Так, он доказывает, что истина обращения Земли вокруг Солнца стала истиной только тогда, когда ее узнали люди. Но тогда эта истина и теперь еще — и истина, и ложь, и более ложь, чем истина. Большинство людей и теперь не знает об обращении Земли вокруг Солнца: следова­тельно, так как истина, по Бэну, зависит от решения большин­ства, то обращение Земли вокруг Солнца есть и теперь более ложь, чем истина? Что за дичь!
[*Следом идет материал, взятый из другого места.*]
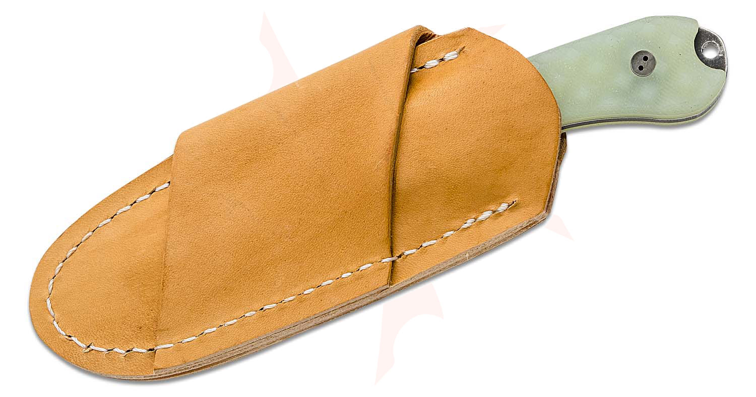 Bradford Knives Guardian3 Fixed Blade Knife 3.5" M390 Nimbus Finish False Edge Drop Point, Textured Ghost (Jade) G10 Handles, Leather Sheath - 3FE-007N
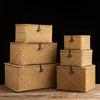 Woven Storage Baskets Wicker Storage with Lid Woven Storage Box Woven Natural Reed Storage Basket for Bookshelves Desks

Вот куда кидается материализм!

«Истина в абстракте, — говорит Бэн, — не существует точно так же, как не существует и вера в абстракте: и то и другое имеет реальность только в конкрете». Но разве Земля обращалась вокруг Солнца не конкретно, когда никто об этом не знал, но когда, как и теперь, дни сменялись ночами?

«Общего разума нет: каждый уверен, что он общий разум». Да, но есть факт, основанный на разуме, и этот факт может быть им неизвестен и известен.

«Общая совесть так же не может быть отыскана, как и общий разум». Ну, если так же, то может быть отыскана, как отысканы общие математические законы.

В другом сочинении Бэн выражает сжато, но ясно свое мнение о совести. Это и может быть единственным мнением мате­риализма:

«Авторитет или наказание есть начало того состояния души, которое известно под различными именами — совести, нрав­ственного чувства, чувства долга. Большая часть каждого общества принимает известные правила поведения, необходимые для общего сохранения или для общего благосостояния. Каждый, кто сам не расположен следовать правилам, предпи­санным обществом, подвергается тем или другим наказаниям, заменяющим другие мотивы, и наказание это возрастает в жестокости, пока добивается повиновения.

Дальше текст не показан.